Required action
The result should be a faithful copy of every entry below, with the pictures left out.

※ ※ ※

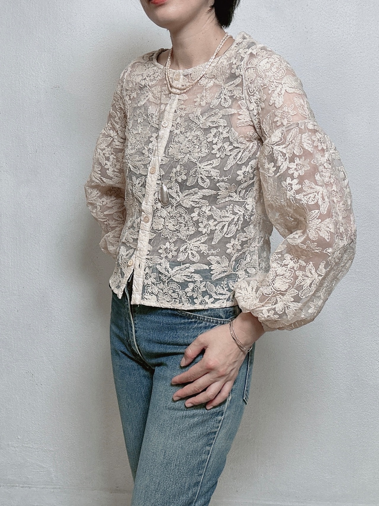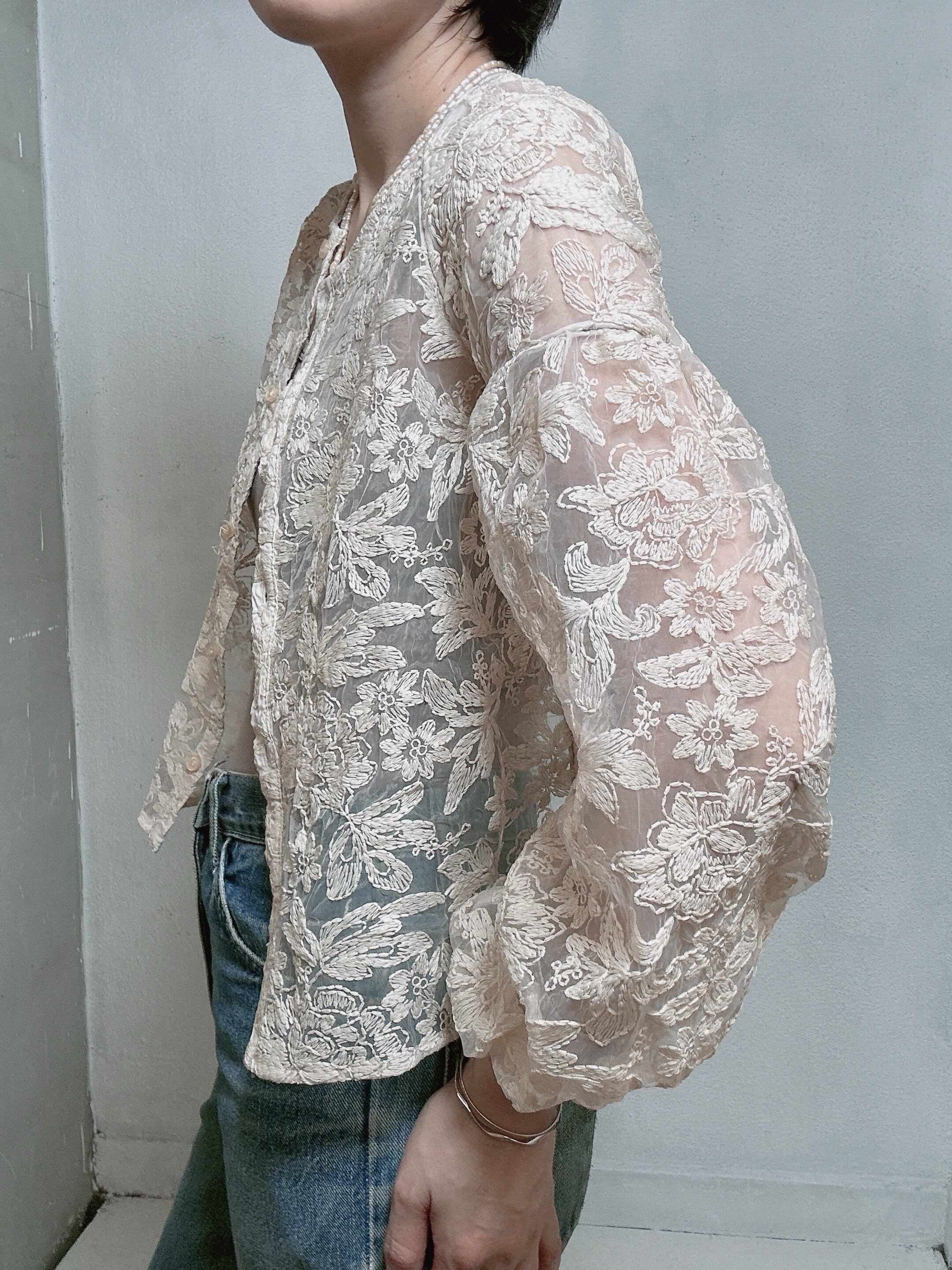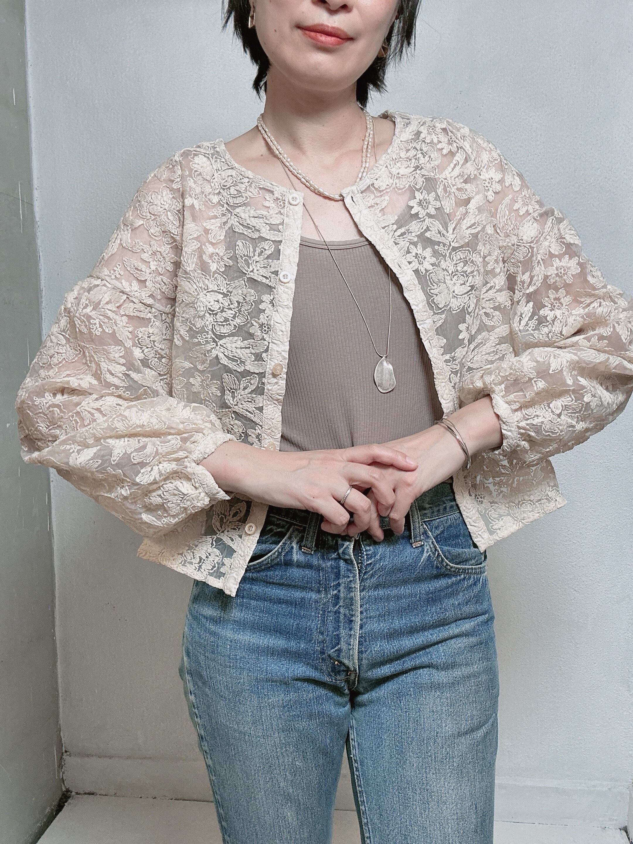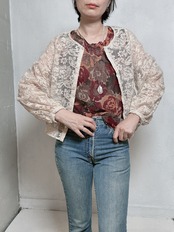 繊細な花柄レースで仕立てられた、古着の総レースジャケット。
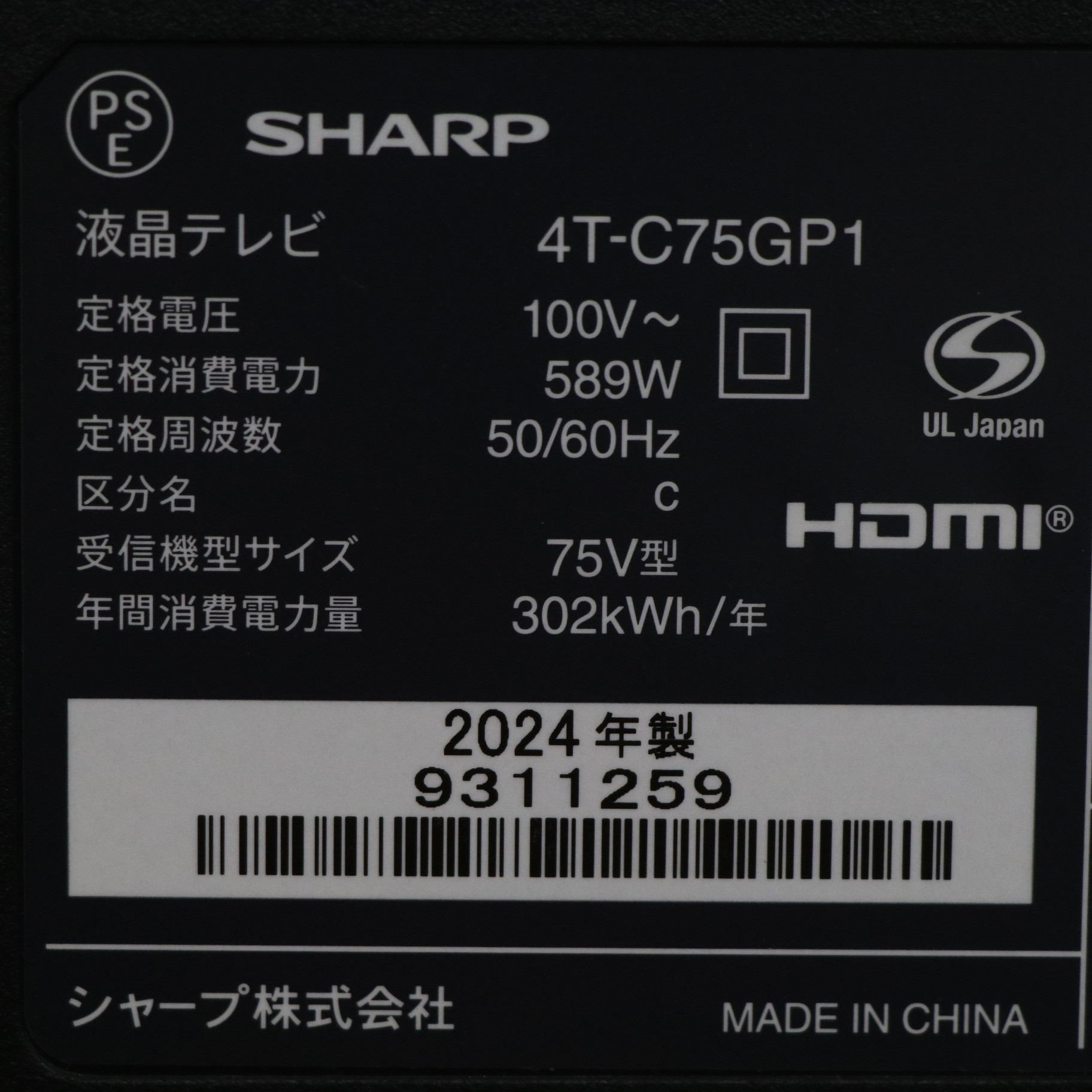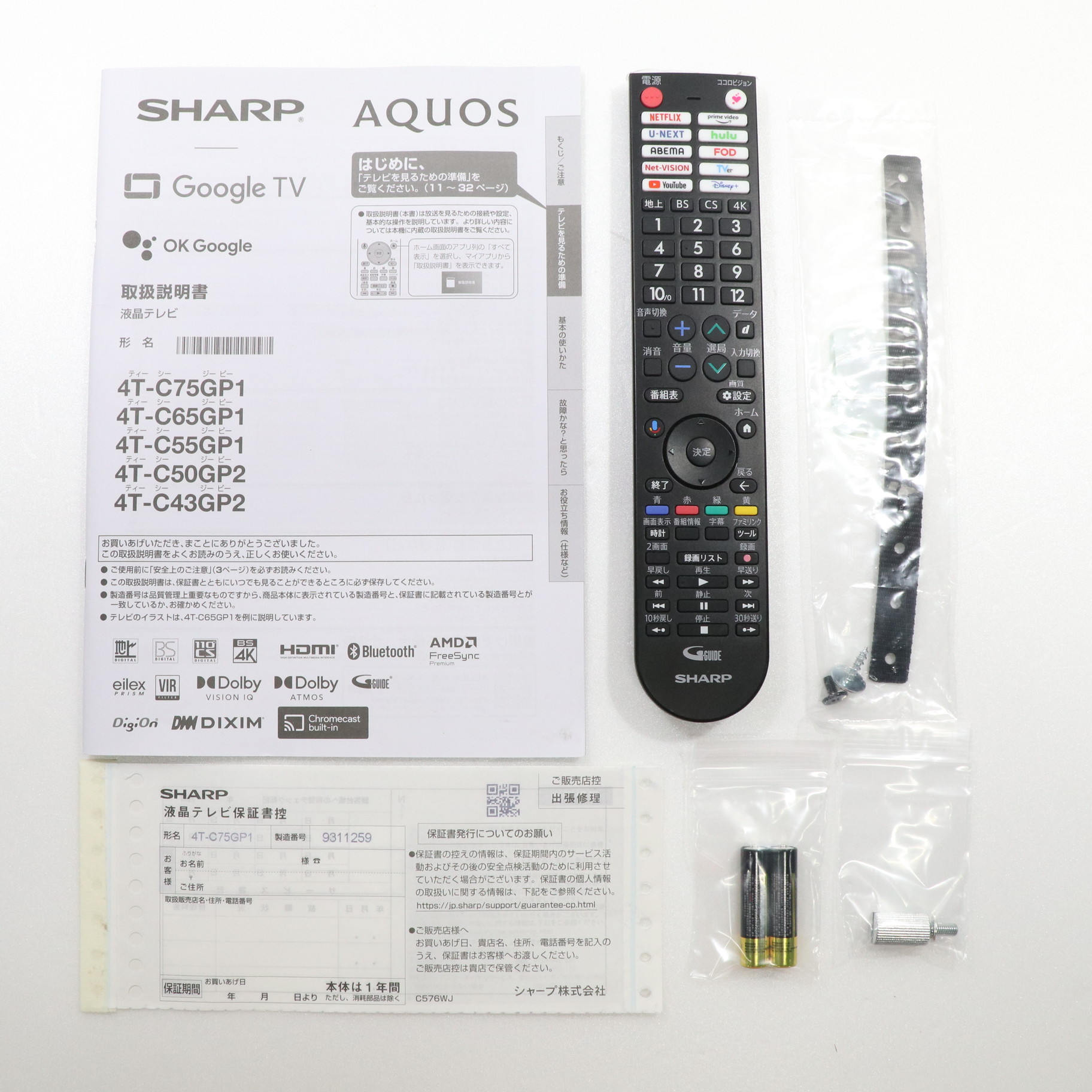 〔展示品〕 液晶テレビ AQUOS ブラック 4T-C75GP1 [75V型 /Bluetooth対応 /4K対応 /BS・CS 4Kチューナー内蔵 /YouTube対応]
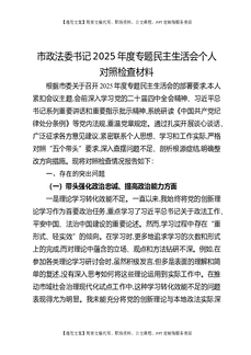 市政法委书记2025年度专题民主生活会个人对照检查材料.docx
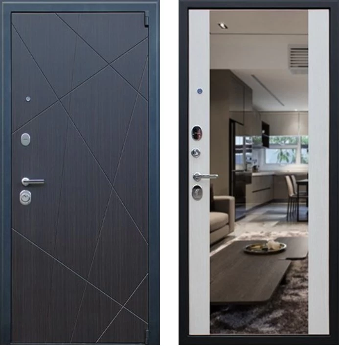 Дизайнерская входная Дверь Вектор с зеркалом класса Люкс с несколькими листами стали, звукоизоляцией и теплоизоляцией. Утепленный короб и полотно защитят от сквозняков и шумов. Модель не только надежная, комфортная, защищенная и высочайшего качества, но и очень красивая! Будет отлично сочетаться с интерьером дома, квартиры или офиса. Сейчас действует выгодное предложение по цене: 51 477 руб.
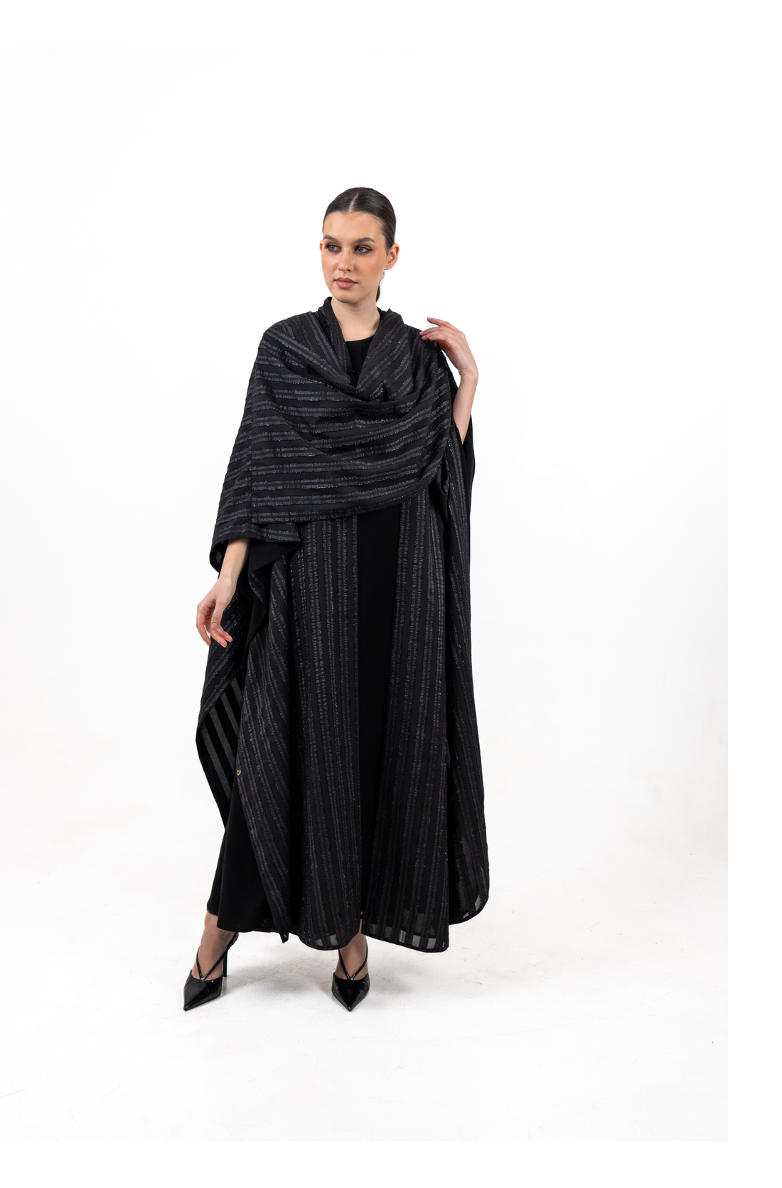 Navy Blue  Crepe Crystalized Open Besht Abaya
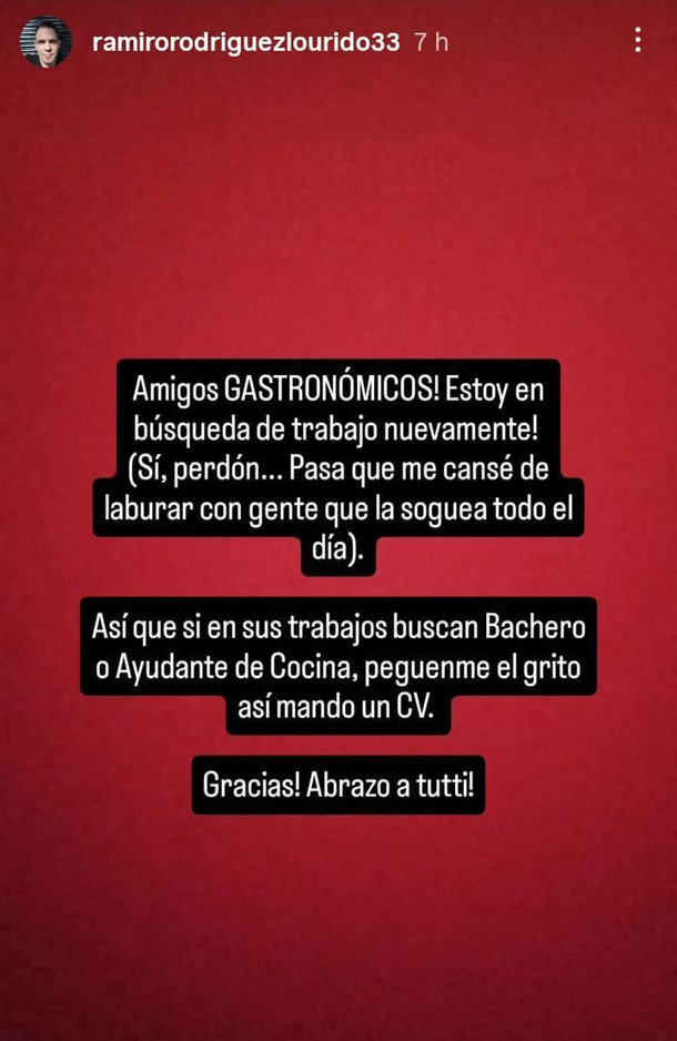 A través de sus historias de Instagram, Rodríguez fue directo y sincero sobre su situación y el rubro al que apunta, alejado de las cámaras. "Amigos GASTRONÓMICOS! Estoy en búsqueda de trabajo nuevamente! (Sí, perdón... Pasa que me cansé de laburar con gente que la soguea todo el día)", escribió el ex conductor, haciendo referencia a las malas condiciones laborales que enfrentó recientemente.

※ ※ ※

Task response
 繊細な花柄レースで仕立てられた、古着の総レースジャケット。
 〔展示品〕 液晶テレビ AQUOS ブラック 4T-C75GP1 [75V型 /Bluetooth対応 /4K対応 /BS・CS 4Kチューナー内蔵 /YouTube対応]
 市政法委书记2025年度专题民主生活会个人对照检查材料.docx
 Дизайнерская входная Дверь Вектор с зеркалом класса Люкс с несколькими листами стали, звукоизоляцией и теплоизоляцией. Утепленный короб и полотно защитят от сквозняков и шумов. Модель не только надежная, комфортная, защищенная и высочайшего качества, но и очень красивая! Будет отлично сочетаться с интерьером дома, квартиры или офиса. Сейчас действует выгодное предложение по цене: 51 477 руб.
 Navy Blue  Crepe Crystalized Open Besht Abaya
 A través de sus historias de Instagram, Rodríguez fue directo y sincero sobre su situación y el rubro al que apunta, alejado de las cámaras. "Amigos GASTRONÓMICOS! Estoy en búsqueda de trabajo nuevamente! (Sí, perdón... Pasa que me cansé de laburar con gente que la soguea todo el día)", escribió el ex conductor, haciendo referencia a las malas condiciones laborales que enfrentó recientemente.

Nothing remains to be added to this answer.